But... What do you do when your external Time Machine drive needs to be replaced, but you want to keep as much of the past history as you can?
Nothing much can be done except to get very large drives. I have two 8-TB drives make backups every hour all day. On the average, with the amount of data I have on all the other drives, the Time Machine drives can maintain, on the average, 12–18 months of backups. If you have older files that you want to preserve indefinitely, you need an archive strategy. To some extent I do that to my older data, by making archives on to more large hard drives that are fired up only when you are doing archiving. I have about 15 years’ worth of old data that I preserve to this day, even though I know that I will probably need to retrieve less than 10% of it.
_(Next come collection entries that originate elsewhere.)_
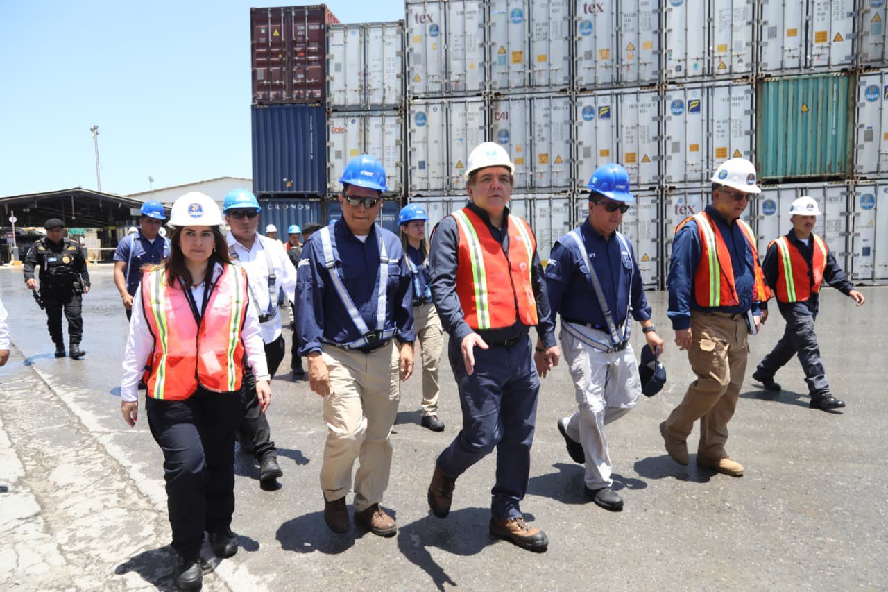 Durante su visita a Puerto Barrios, Palencia recorrió áreas estratégicas como las zonas de aduanas, bodegas y centros de mando, además de los espacios destinados a la inspección de embarcaciones.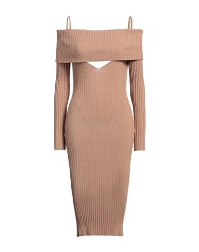 Andreādamo Woman Midi Dress Camel Size S Viscose, Polyester, Polyamide, Elastane In Beige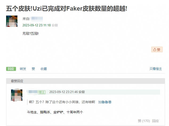 直播吧9月13日讯 昨日LPL官方公布了十大选手系列炫彩皮肤(国服特供),其中传奇选手Uzi拥有两个VN的皮肤,网友们发现至今Uzi在各类游戏上的皮肤已经有五个,全面领先GOAT、三冠王——Faker。
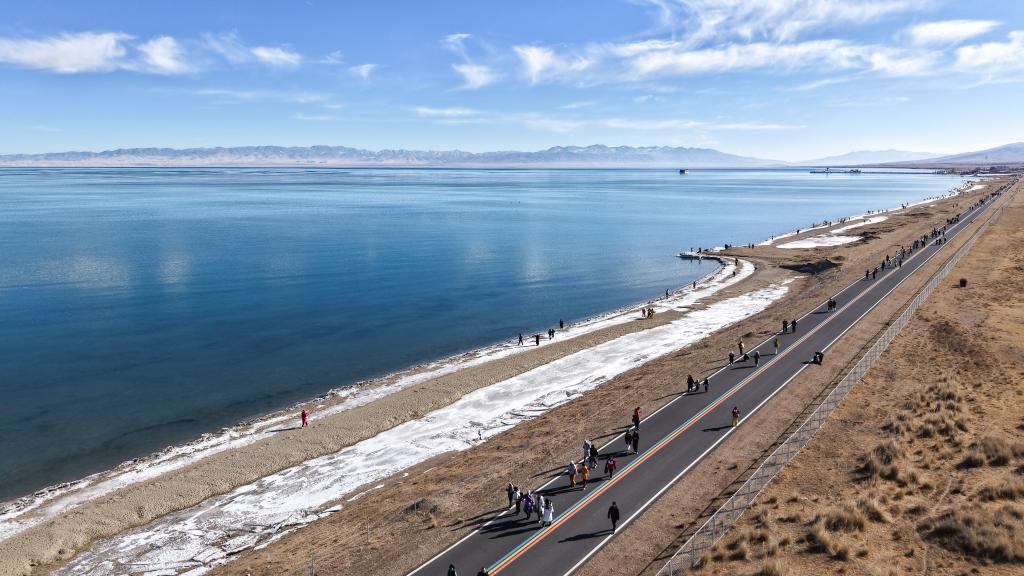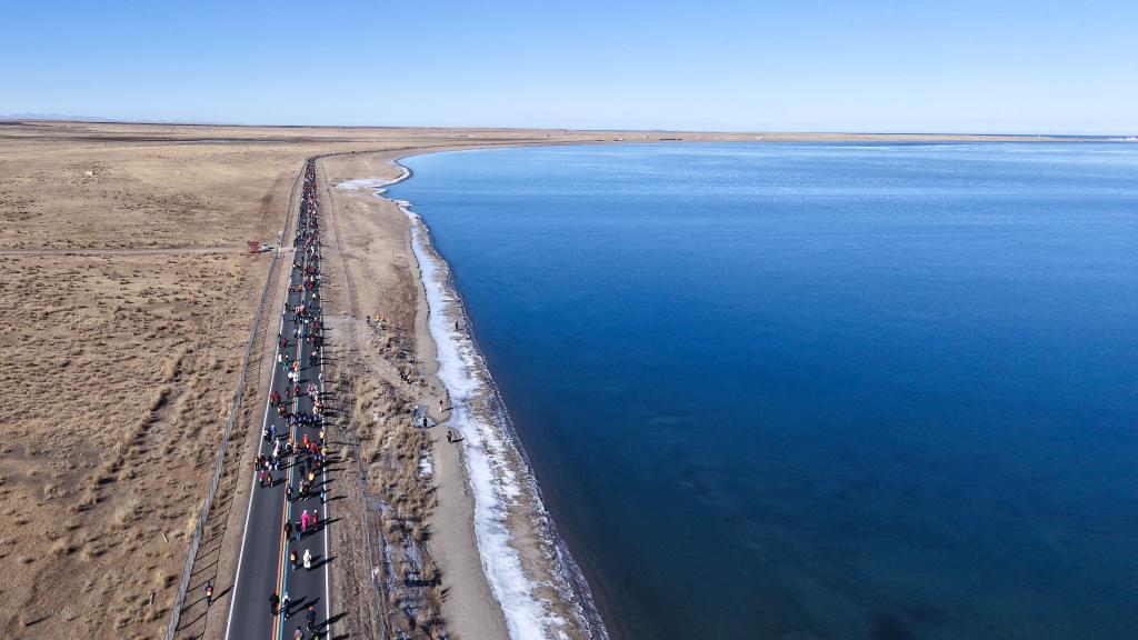 當日,青海湖迎新年生態環保徒步活動在青海省海南藏族自治州青海湖二郎劍景區舉行。

For a while, I had archives done on tape until I later found out that tape does not last as long as hard drives. There can be payoffs. I recently retrieved typesetting data for several old publications that the author wanted to update. The original looks were done more than a dozen years ago. Otherwise, we would have had to scan all those pages from the printed books.
Anyway, the short answer is, the more data you want to keep, the larger your Time Machine drives need to be. When they get full, just buy a new set to start anew. I still stay with 8-terabyte drives because the newer, larger units are not as long-lived as the 8s. Go to bacblaze.com to read their report on Hard Drive Life Expectancy.